Easier said than done: to paraphrase the well-known proverb, and to place it in the increasingly large collection of critical issues and opportunities related to artificial intelligence, the task that CEOs and management have to adequately integrate this technology into the company is indeed difficult. Pierluigi Casale, professor at OPIT (Open Institute of Technology, an academic institution founded two years ago and specialized in the field of Computer Science) and technical consultant to the European Parliament for the implementation and regulation of AI, is among those who contributed to the definition of the AI ​​Act, providing advice on aspects of safety and civil liability. His task, in short, is to ensure that the adoption of artificial intelligence (primarily within the parliamentary committees operating in Brussels) is not only efficient, but also ethical and compliant with regulations. And, obviously, his is not an easy task.

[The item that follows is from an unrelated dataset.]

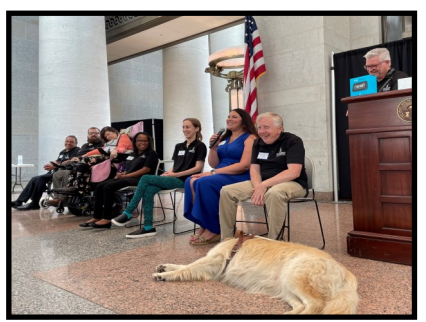
Ohio Tech Ambassadors gathered for a celebration at the Statehouse.

Since 2021, Tech Ambassadors from all over the state have held events and provided peer-to-peer mentoring to show people with developmental disabilities how assistive technology can be used to boost independence and enhance their day-to-day lives.

The experience gained over the last 15 years in the field of machine learning and the role played in organizations such as Europol and in leading technology companies are the requirements that Casale brings to the table to balance the needs of EU bodies with the pressure exerted by American Big Tech and to preserve an independent approach to the regulation of artificial intelligence. A technology, it is worth remembering, that implies broad and diversified knowledge, ranging from the regulatory/application spectrum to geopolitical issues, from computational limitations (common to European companies and public institutions) to the challenges related to training large-format language models.

CEOs and AI

When we specifically asked how CEOs and C-suites are “digesting” AI in terms of ethics, safety and responsibility, Casale did not shy away, framing the topic based on his own professional career. “I have noticed two trends in particular: the first concerns companies that started using artificial intelligence before the AI ​​Act and that today have the need, as well as the obligation, to adapt to the new ethical framework to be compliant and avoid sanctions; the second concerns companies, like the Italian ones, that are only now approaching this topic, often in terms of experimental and incomplete projects (the expression used literally is “proof of concept”, ed.) and without these having produced value. In this case, the ethical and regulatory component is integrated into the adoption process.”

In general, according to Casale, there is still a lot to do even from a purely regulatory perspective, due to the fact that there is not a total coherence of vision among the different countries and there is not the same speed in implementing the indications. Spain, in this regard, is setting an example, having established (with a royal decree of 8 November 2023) a dedicated “sandbox”, i.e. a regulatory experimentation space for artificial intelligence through the creation of a controlled test environment in the development and pre-marketing phase of some artificial intelligence systems, in order to verify compliance with the requirements and obligations set out in the AI ​​Act and to guide companies towards a path of regulated adoption of the technology.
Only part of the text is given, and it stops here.